• [DATA SUPPLIED]:
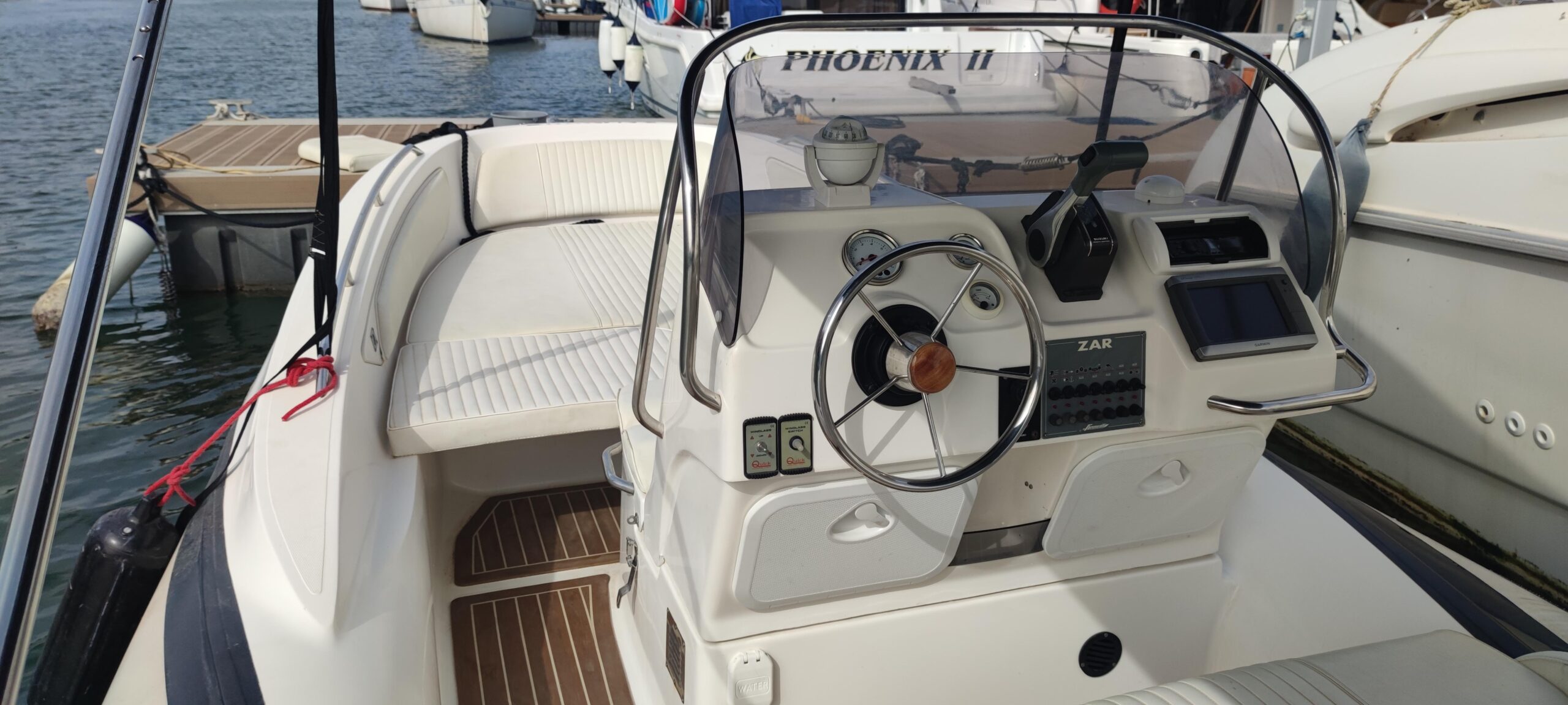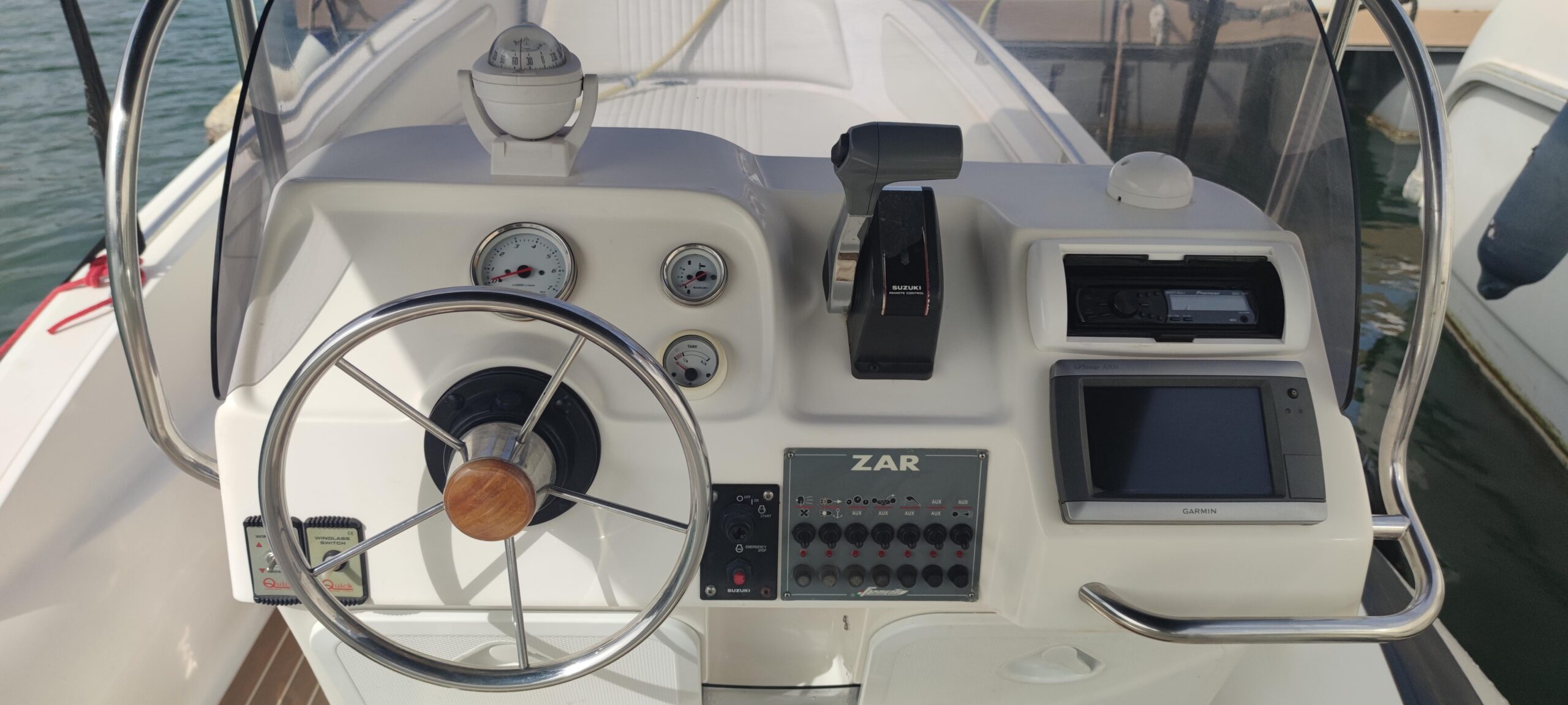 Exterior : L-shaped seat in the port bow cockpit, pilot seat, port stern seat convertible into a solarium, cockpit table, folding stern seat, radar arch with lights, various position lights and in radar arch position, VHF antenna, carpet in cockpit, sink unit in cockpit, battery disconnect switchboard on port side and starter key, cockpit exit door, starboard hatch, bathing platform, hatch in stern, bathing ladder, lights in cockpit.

--

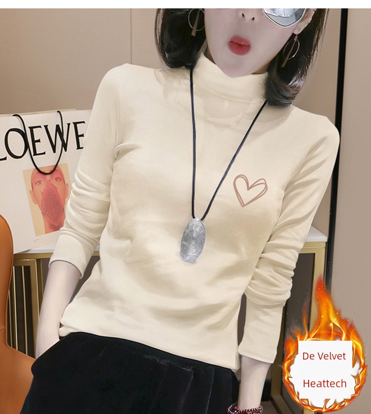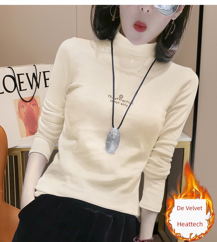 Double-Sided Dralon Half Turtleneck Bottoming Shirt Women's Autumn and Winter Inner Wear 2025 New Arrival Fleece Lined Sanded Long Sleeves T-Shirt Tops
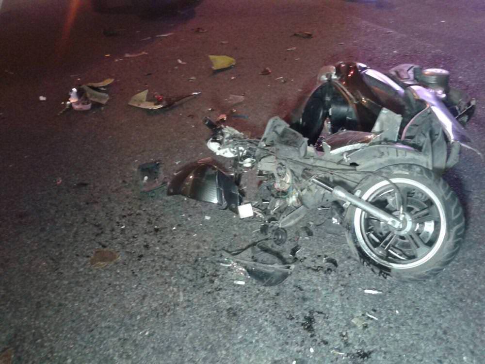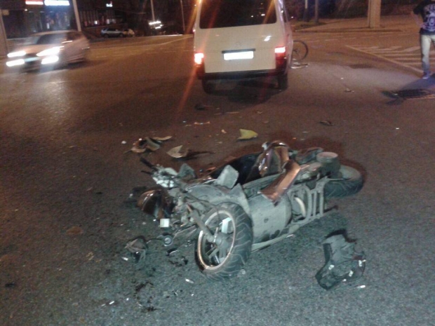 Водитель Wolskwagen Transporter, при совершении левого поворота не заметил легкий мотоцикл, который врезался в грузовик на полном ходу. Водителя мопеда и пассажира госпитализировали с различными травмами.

• [TASK BRIEF]:
Your answer must be the lines above from the one holding "Double-Sided Dralon Half" up to and including the one holding "Водитель Wolskwagen Transporter, при", exact and with no pictures.

• [EXERCISE RESPONSE]:
 Double-Sided Dralon Half Turtleneck Bottoming Shirt Women's Autumn and Winter Inner Wear 2025 New Arrival Fleece Lined Sanded Long Sleeves T-Shirt Tops
 Водитель Wolskwagen Transporter, при совершении левого поворота не заметил легкий мотоцикл, который врезался в грузовик на полном ходу. Водителя мопеда и пассажира госпитализировали с различными травмами.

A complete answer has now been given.